Collection entries
-*-

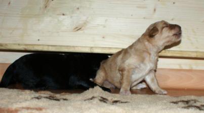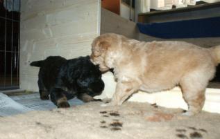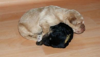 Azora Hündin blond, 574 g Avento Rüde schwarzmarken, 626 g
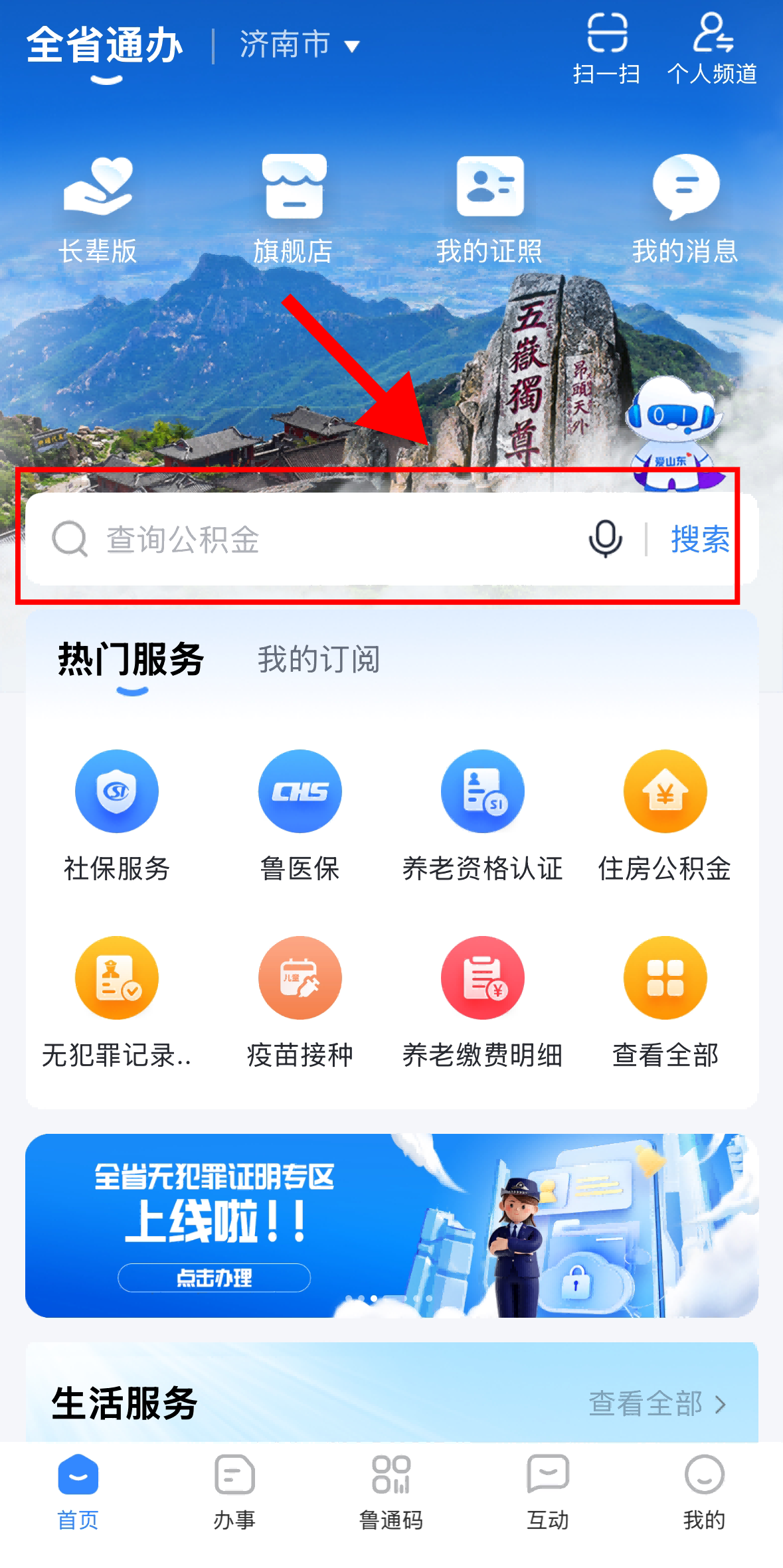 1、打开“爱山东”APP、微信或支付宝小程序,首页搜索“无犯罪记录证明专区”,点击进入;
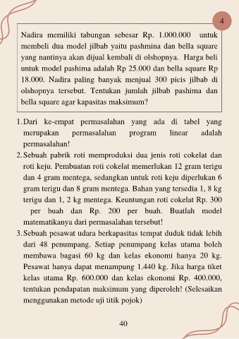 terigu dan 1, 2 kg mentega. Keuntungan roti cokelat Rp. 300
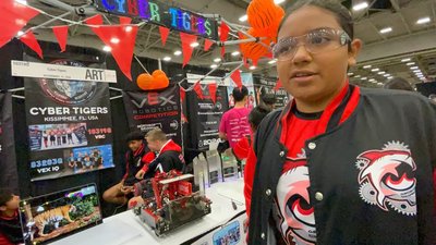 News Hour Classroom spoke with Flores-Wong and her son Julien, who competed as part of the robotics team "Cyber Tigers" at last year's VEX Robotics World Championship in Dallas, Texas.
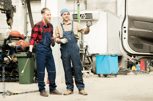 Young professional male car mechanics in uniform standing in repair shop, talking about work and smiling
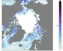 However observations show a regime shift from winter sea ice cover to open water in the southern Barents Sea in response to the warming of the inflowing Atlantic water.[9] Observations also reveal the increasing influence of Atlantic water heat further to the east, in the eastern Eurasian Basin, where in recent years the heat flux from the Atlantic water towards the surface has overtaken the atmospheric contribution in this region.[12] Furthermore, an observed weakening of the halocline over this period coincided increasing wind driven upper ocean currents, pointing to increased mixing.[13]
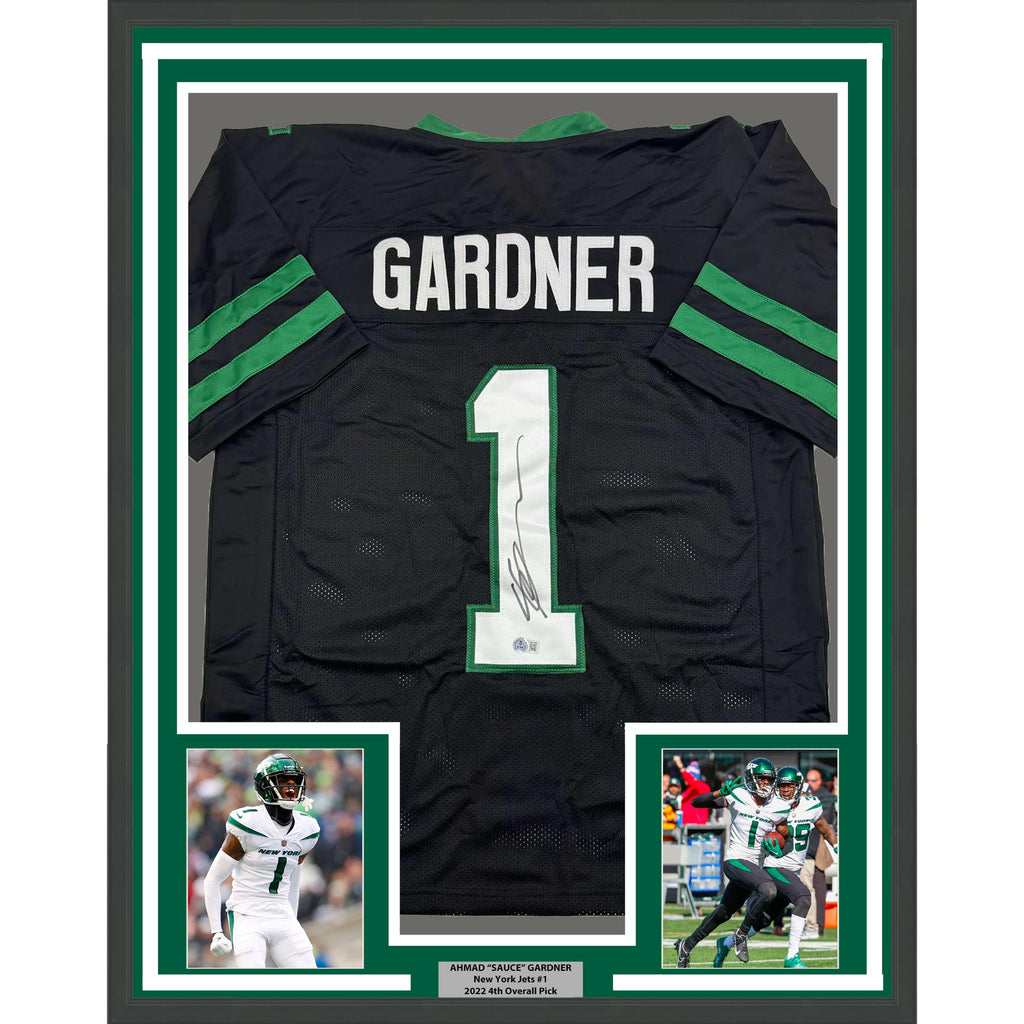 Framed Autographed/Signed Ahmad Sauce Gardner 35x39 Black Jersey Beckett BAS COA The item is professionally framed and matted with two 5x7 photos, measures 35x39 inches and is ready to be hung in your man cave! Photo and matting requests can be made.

-*-

▶ Aim of the exercise
Repeat every entry above precisely, leaving each picture out.

▶ Task response
 Azora Hündin blond, 574 g Avento Rüde schwarzmarken, 626 g
 1、打开“爱山东”APP、微信或支付宝小程序,首页搜索“无犯罪记录证明专区”,点击进入;
 terigu dan 1, 2 kg mentega. Keuntungan roti cokelat Rp. 300
 News Hour Classroom spoke with Flores-Wong and her son Julien, who competed as part of the robotics team "Cyber Tigers" at last year's VEX Robotics World Championship in Dallas, Texas.
 Young professional male car mechanics in uniform standing in repair shop, talking about work and smiling
 However observations show a regime shift from winter sea ice cover to open water in the southern Barents Sea in response to the warming of the inflowing Atlantic water.[9] Observations also reveal the increasing influence of Atlantic water heat further to the east, in the eastern Eurasian Basin, where in recent years the heat flux from the Atlantic water towards the surface has overtaken the atmospheric contribution in this region.[12] Furthermore, an observed weakening of the halocline over this period coincided increasing wind driven upper ocean currents, pointing to increased mixing.[13]
 Framed Autographed/Signed Ahmad Sauce Gardner 35x39 Black Jersey Beckett BAS COA The item is professionally framed and matted with two 5x7 photos, measures 35x39 inches and is ready to be hung in your man cave! Photo and matting requests can be made.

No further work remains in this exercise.